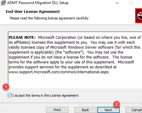 接受许可证1,然后单击“下一步2”。
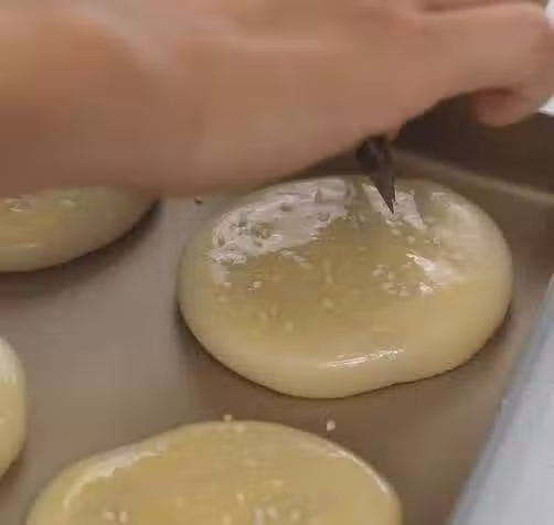 刷一層蛋黃,撒一些白芝麻,劃出割口。
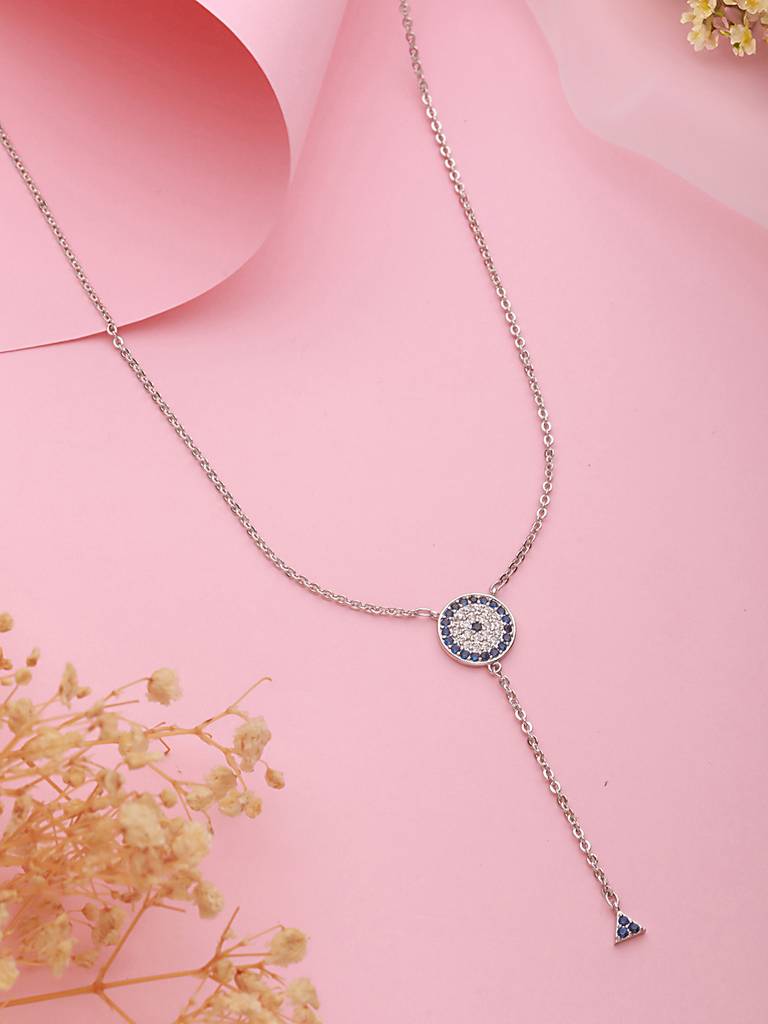 Saraf RS JewelleryAnti-Tarnish Silver Plated Ad Studded Delicate Dangling Evil Eye Necklace
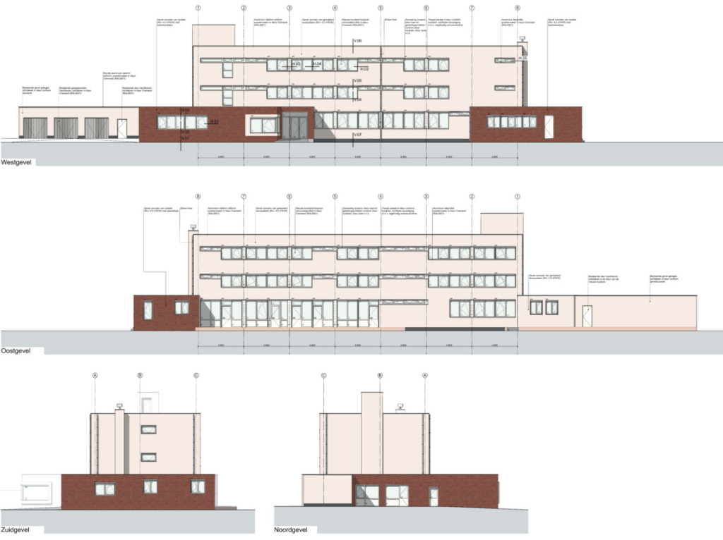 Ten behoeve van de nieuwe plattegrond-indelingen zijn, waar nodig, bestaande gevelopeningen aangepast. Om het gebouw energetisch aan te laten sluiten bij de huidige normen is de gevel aan de buitenzijde voorzien van gevelisolatie en voorzien van gevelstukwerk en steenstrips, qua kleur aansluitend bij de bestaande omliggende bebouwing.
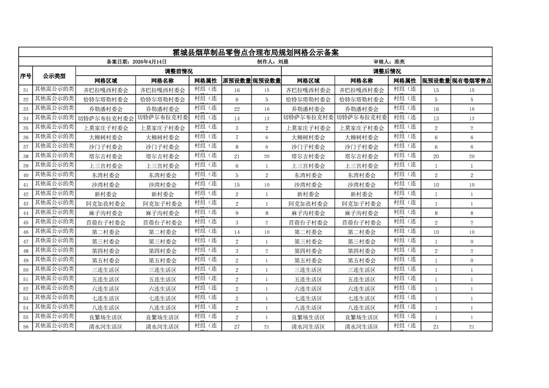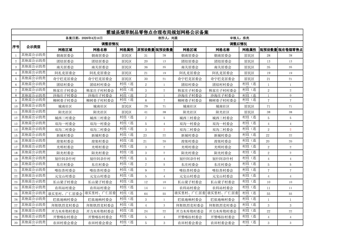 霍城县烟草制品零售点合理布局规划网格公示备案
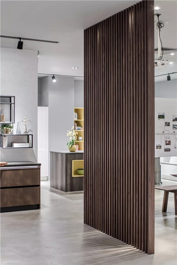 本案以隔断为“断”,以屏风为“断”,以留白为“断”,让空间告别饱和感,又以“断”为“续”让空间展现更具张力。设计师以“有间”表达“无间”的概念,以“无间”表达“无间冬夏,心在桃园。”的美好景愿。
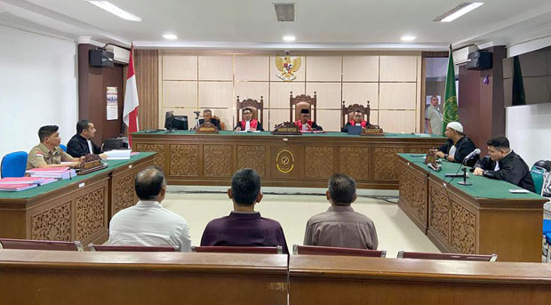 Sidang tersebut dipimpin oleh Ketua Majelis Hakim H. Hamzah Sulaiman, S.H, H. Harmi Jaya, S.H., dan R. Dedi Harryanto, S.H.,M.Hum masing-masing selaku Hakim Anggota.
..........
→ **ACTION ITEM**
Restate exactly the lines that start at the "刷一層蛋黃,撒一些白芝麻,劃出割口。" line and end with the last line of the material above, leaving out the pictures.

→ **COMPLETED TASK**
 刷一層蛋黃,撒一些白芝麻,劃出割口。
 Saraf RS JewelleryAnti-Tarnish Silver Plated Ad Studded Delicate Dangling Evil Eye Necklace
 Ten behoeve van de nieuwe plattegrond-indelingen zijn, waar nodig, bestaande gevelopeningen aangepast. Om het gebouw energetisch aan te laten sluiten bij de huidige normen is de gevel aan de buitenzijde voorzien van gevelisolatie en voorzien van gevelstukwerk en steenstrips, qua kleur aansluitend bij de bestaande omliggende bebouwing.
 霍城县烟草制品零售点合理布局规划网格公示备案
 本案以隔断为“断”,以屏风为“断”,以留白为“断”,让空间告别饱和感,又以“断”为“续”让空间展现更具张力。设计师以“有间”表达“无间”的概念,以“无间”表达“无间冬夏,心在桃园。”的美好景愿。
 Sidang tersebut dipimpin oleh Ketua Majelis Hakim H. Hamzah Sulaiman, S.H, H. Harmi Jaya, S.H., dan R. Dedi Harryanto, S.H.,M.Hum masing-masing selaku Hakim Anggota.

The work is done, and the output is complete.